Face aux tensions grandissantes entre le président Bassirou Diomaye Faye et la majorité parlementaire conduite par Ousmane Sonko, le politologue Maurice Soudieck Dione estime que les prochaines échéances électorales pourraient redéfinir les rapports de force au sommet de l'État.


Rédigé par leral.net le Dimanche 19 Juillet 2026 à 22:43 | | 0 commentaire(s)|

Les tensions entre le président Bassirou Diomaye Faye et la majorité parlementaire dirigée par Ousmane Sonko continuent d'alimenter le débat politique. Pour le professeur agrégé de science politique Maurice Soudieck Dione, cette situation pourrait faire des prochaines élections un moment décisif pour clarifier les rapports de force institutionnels.

Intervenant sur les ondes de la RTS, l'enseignant-chercheur estime qu'il existe aujourd'hui « une fissure entre la majorité présidentielle et la majorité parlementaire », une situation qui, selon lui, fragilise le fonctionnement de l'exécutif.

« Si le président de la République ne peut plus s'adosser à la majorité qui est en place, il ne peut pas gouverner. Quelque part, ce conflit entre l'exécutif et le législatif doit être tranché par le corps électoral », a-t-il déclaré.

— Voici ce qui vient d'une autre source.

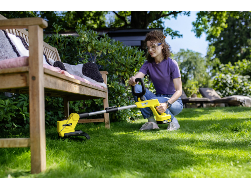 Skládací ochranný kryt rostlin chrání stromy, květiny i další porost před poškozením. Vyžínač je součástí 18V bateriové platformy Kärcher Battery Power, což umožňuje sdílení baterie s dalšími kompatibilními zahradními nástroji Kärcher.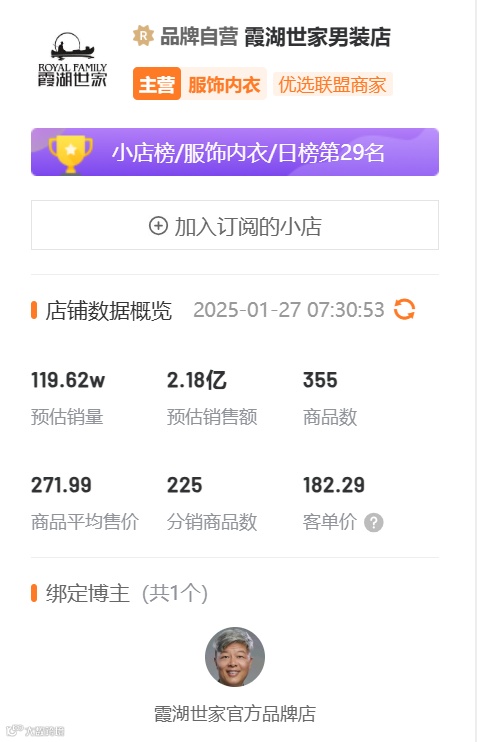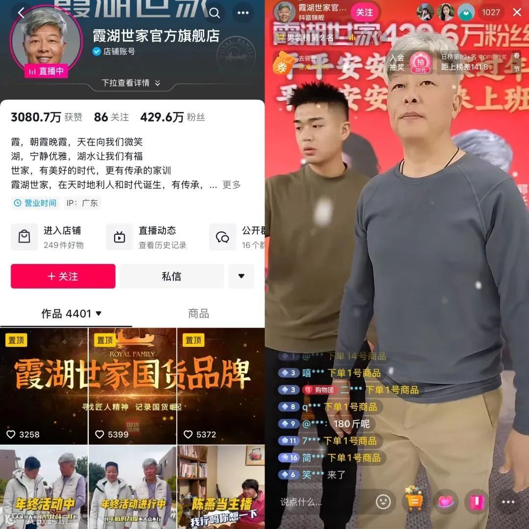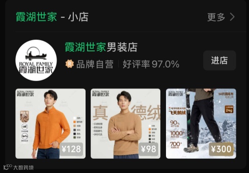 2025年,男装品牌“霞湖世家”在微信视频号异军突起,成为平台新晋“男装一哥”[k]。

Des réserves sur un couplage des scrutins

Alors que l'idée d'organiser simultanément des élections législatives anticipées et des élections territoriales est évoquée dans le débat public, Maurice Soudieck Dione se montre prudent.

Selon lui, les élections locales répondent à des enjeux spécifiques qui diffèrent des scrutins nationaux. Un couplage risquerait de compliquer la lecture politique des résultats tout en posant d'importants défis organisationnels et financiers.

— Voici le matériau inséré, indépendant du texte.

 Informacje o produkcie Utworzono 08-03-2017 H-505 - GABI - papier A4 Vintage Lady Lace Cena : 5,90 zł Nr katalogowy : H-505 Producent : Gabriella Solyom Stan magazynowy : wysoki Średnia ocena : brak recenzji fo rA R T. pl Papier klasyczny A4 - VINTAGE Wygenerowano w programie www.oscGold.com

Le risque d'une crise institutionnelle

Le politologue rappelle également que la Constitution encadre strictement une éventuelle dissolution de l'Assemblée nationale. D'après lui, le président de la République ne pourrait exercer cette prérogative qu'à partir du 3 décembre, une fois les deux années de la législature écoulées.

Au-delà de cette échéance, Maurice Soudieck Dione met en garde contre les conséquences d'un affrontement durable entre l'exécutif et le législatif.

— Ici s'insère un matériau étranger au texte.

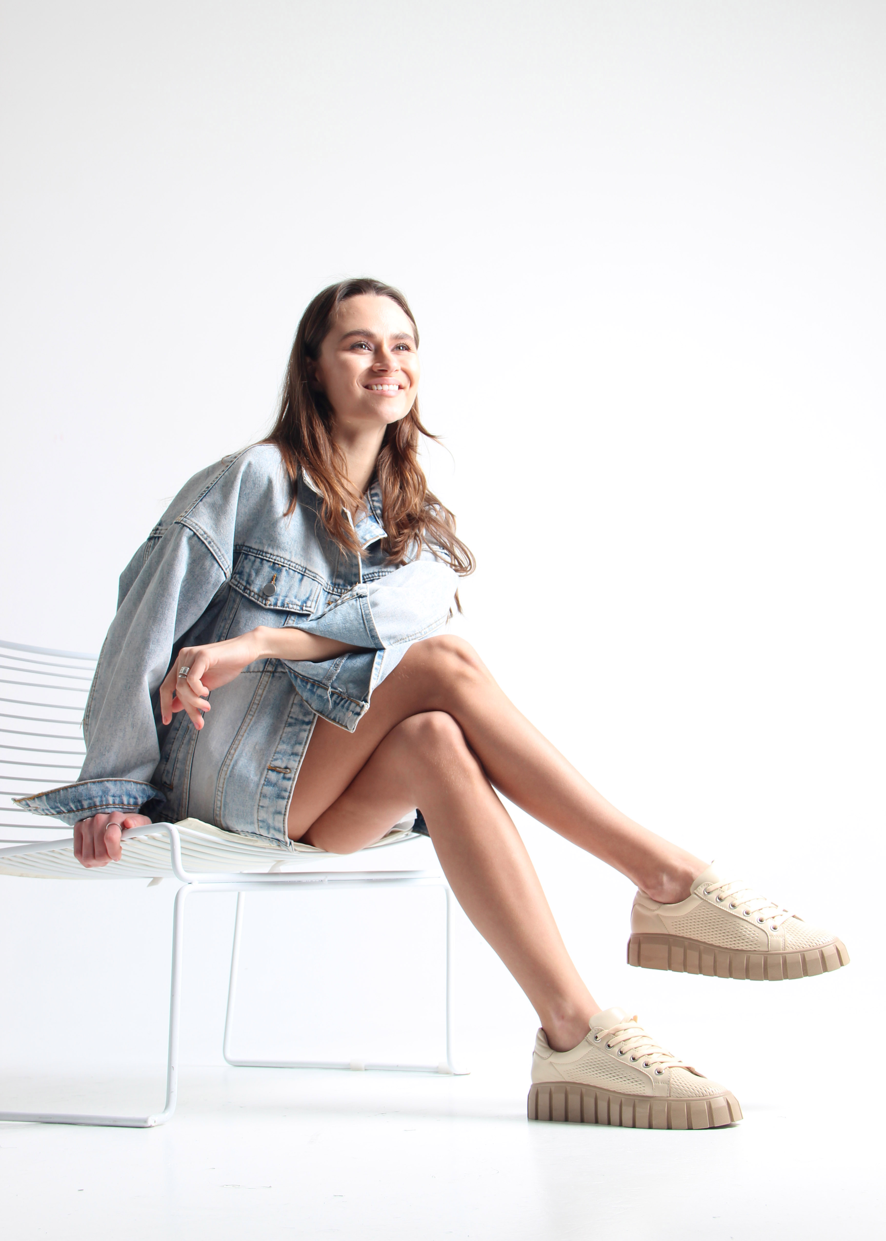 Кеды кожаные бежевые с перфорацией

Il estime que les désaccords autour de certains projets de loi, combinés aux menaces de motions de censure évoquées dans le débat politique, pourraient accentuer les tensions entre les institutions et déboucher sur une crise institutionnelle si aucun compromis n'est trouvé.

Ces analyses reflètent les opinions exprimées par Maurice Soudieck Dione et n'engagent que leur auteur.